Living on the southern border of the USA, Tuscon’s Calexico have always drawn from multiple sources, multiple cultures and different ideas of what an “American” sound and indeed what “America” might be.

A lot of the time that has meant music which has reflected the Arizona sky and desert’s openness – even when drawing on musicians from various corners of the world - and captured in songs the way that setting can make the epic feel intimate. Along the way reflecting the mixed messages of cross-border interactions that go back a couple of centuries.

The Thread That Keeps Us, both by name and, especially, by sound goes some way to capture the current emotional/political atmosphere both at the border and in the wider national discussion.

This is a harder, darker, more aggressive record that doesn’t shed the sun-drenched tones which Joey Burns and John Convertino have made their own, but positions it within a more complex debate.

Before going further down that road though, know that the past hasn’t been jettisoned. So a grittier Under The Wheels, for example, with its mix of Caribbean, Mexican and urban American elements, pitches some darkness lyrically and some uncertainty vocally, even as the music feels all forward momentum.

Then The Town & Miss Lorraine, which gently hovers between Glen Campbell and Dion, Flores y Tamales, positioned well into Mexico, and Girl In The Forest make room for better prospects and clearer night skies.

However, the tracks which are in the end halfway houses musically/tonally give you a sense of the most lasting effect of this album.
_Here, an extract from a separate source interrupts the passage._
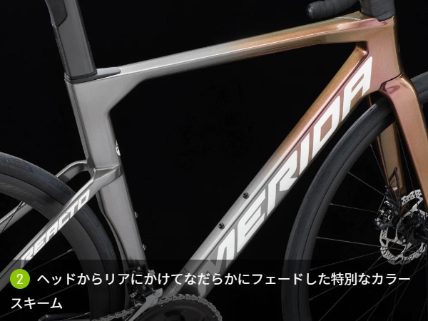 グローバルモデルの上位バイクで採用されているレインボーのフェードカラーを日本市場のために採用した特別なリアクト。チーム仕様と同じジオメトリーを持つREACTO CF3 カーボンフレームに、リヤ12速となった機械式のShimano 105を搭載。自社で設計から製造までを行うマニファクチャーブランドならではのオリジナルスペック。

The almost robo-rhythm pushiness of Another Space (brass playing off against a funky bassline), the Ry Cooder-esque space-engulfing interlude of Spinball, and the guitar’s spinning wheel edginess in Eyes Wide Awake, would on another Calexico album be dark-hued enough; here they are preparatory works.

The heavy rhythm tread, sneering guitar and muttered vocals of Dead In The Water, the quite PJ Harvey-esque rocking blues of Bridge To Nowhere, and the smoked water of Voices In The Field, which circles its intentions repeatedly, capture a kind of resistance to certain race-baiting political voices emanating from further east in the country.

“We’re coming up for air, we’re coming up, even though they say it won’t change a thing,” Burns sings in Bridge To Nowhere.

Even the more Tom Petty-like pop of End Of The World With You, a quite buoyant opening to the record, squawls in its guitar and agitates in a manner that says, we’re not the same as “him”.

Made in California, drawn from Arizona, touched by decades of map/social lines blurred by use and history, The Thread That Keeps Us finds Calexico making a most America-in-2018 album.